Intervention Strategies
As of February 2024, Japanese clinical guidelines for RSV prophylaxis did not yet include the addition of RSVpreF vaccination to the existing prophylaxis, palivizumab [9]. We assumed that RSVpreF vaccine and palivizumab will be used together in the clinical practice as a comprehensive prophylaxis program to improve protection against infants from RSV infection. At present, palivizumab is approved and highly used for premature who were born ≤ 35 wGA and infants with risks of RSV disease, such as infants with bronchopulmonary dysplasia (BPD), congenital heart disease (CHD), Down’s syndrome, or a compromised immune system in Japan [11, 12, 14, 25]. In contrast, we assumed that RSVpreF vaccination is effective for full-term (≥ 37 wGA) and preterm born at 32–36 wGA, and some proportion of infants that could be protected from maternal immunization could be exempted from palivizumab prescription.
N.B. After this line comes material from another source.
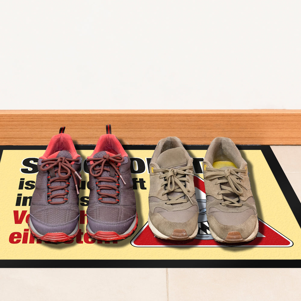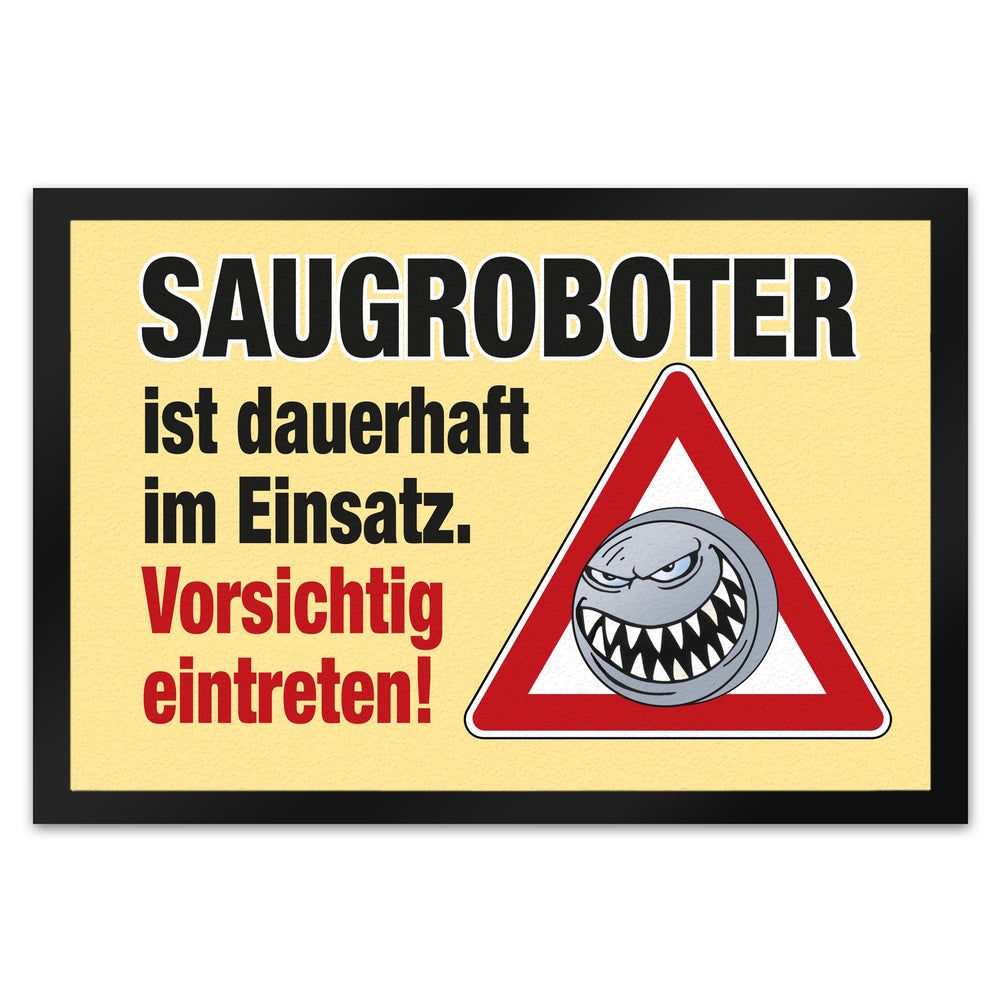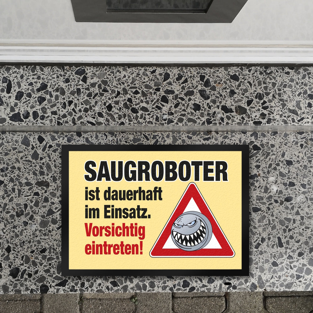 Saugroboter im Einsatz Fußmatte mit Spruch Vorsichtig eintreten!

In this study, two cases, scenario 1 (base case scenario) and scenario 2 were developed by changing the target population for palivizumab prescription in the combination prophylaxis (Table 1).
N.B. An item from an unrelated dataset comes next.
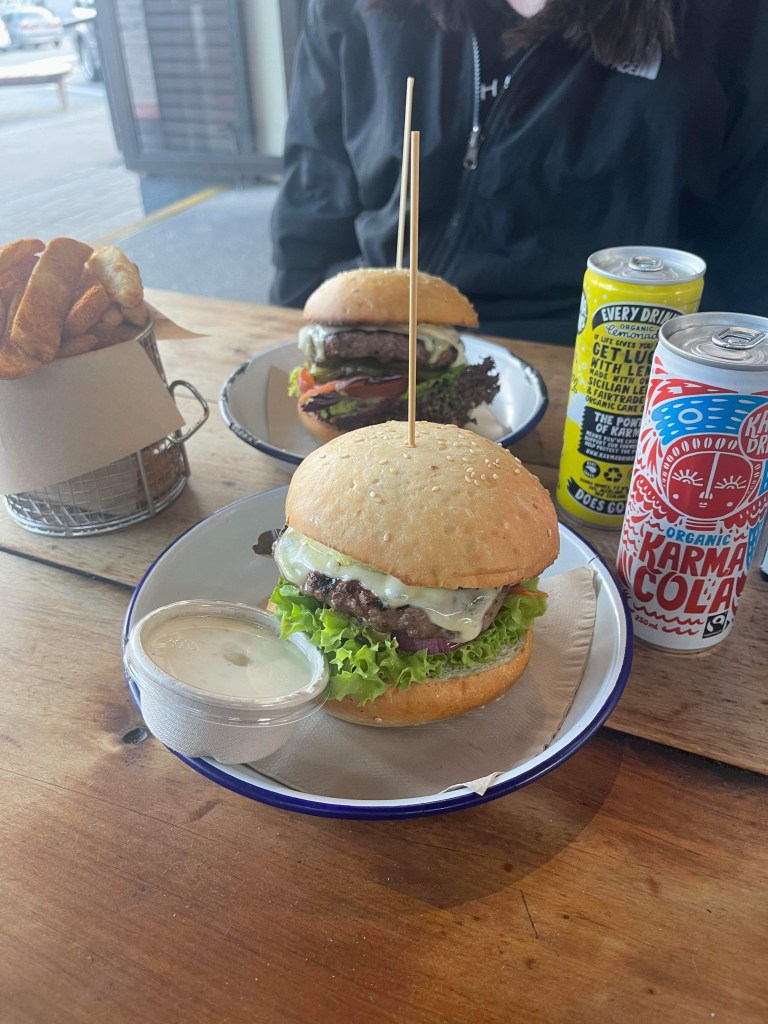 We then wandered to a bar, sat down for a drink to soak in the lovely fresh air , sun and views. We then went to Patagonia Chocolates to grab some dessert for later. We’d already chosen our dinner for the night and headed there next. We went to Red Star Burger. Ronnie had the BBQ which is a beef burger with Swiss cheese, pineapple and smoky BBQ sauce. Aimee had the Mac with beef, Swiss cheese and gherkins. We both really enjoyed our burgers. The sauces on the burgers were so tasty and they were super juicy. We shared a Cajun fries which were spicy but yum. To drink we got organic cola and lemonade. These weren’t the best.

For both cases, all women were eligible for year-round RSVpreF vaccination. In scenario 1, premature (≤ 31 wGA) without risk and all infants with risk were eligible to receive palivizumab. In this setting, premature (32–36 wGA) without risk was assumed not to receive palivizumab if their mother received RSVpreF vaccine. However, if their mothers were unvaccinated or infants born within 2 weeks after maternal vaccination, we assumed that the people were not sufficiently protected by transferred maternal antibodies and received palivizumab. In scenario 2, premature (≤ 31 wGA) regardless risk in infants were eligible to receive palivizumab. These combination prophylaxes were compared with the current prophylaxis (palivizumab alone) in the analysis (Table 1).
Model Input Parameters
The input parameters for the basic analysis are listed in Table S1.
Population Inputs
Values for birth-related parameters such as number of infants born during the 12-month period were extracted from the Vital Statistics Survey of Japan in 2021 and further calibrated to fit into the model [26]. The percentage of infants with high risk was assumed to be 2.58% based on the analysis of a Japanese claims database [15].
Epidemiological Inputs
The annual rates of RSV cases were extracted from the Japanese claims database analysis of 2021 and adjusted to mimic the condition where palivizumab was not yet utilized in Japan (Table S2) [7]. The proportion of RSV with lower respiratory tract illnesses (LRTI) in hospitalized cases was 91.6% [27]. Relative risk of RSV encounters was estimated from data obtained in the USA because of unavailability of relevant data in Japan [28]. The probabilities of being infected by RSV in each month were estimated from an average of the distributions of RSV encounters between 2017 and 2019 because the peak season of RSV was different in each year [29].
Mortality Inputs
Among mortality inputs, infant mortality rate and relative risk of infant mortality were based on the Vital Statistics Survey of Japan in 2021 [26]. Case fatality rate was calculated from the cases reported in 2020 [30]. As a result of lack of Japanese data, relative risk of death due to RSV was based on data from the literature and statistics from the Centers for Disease Control and Prevention [2, 31].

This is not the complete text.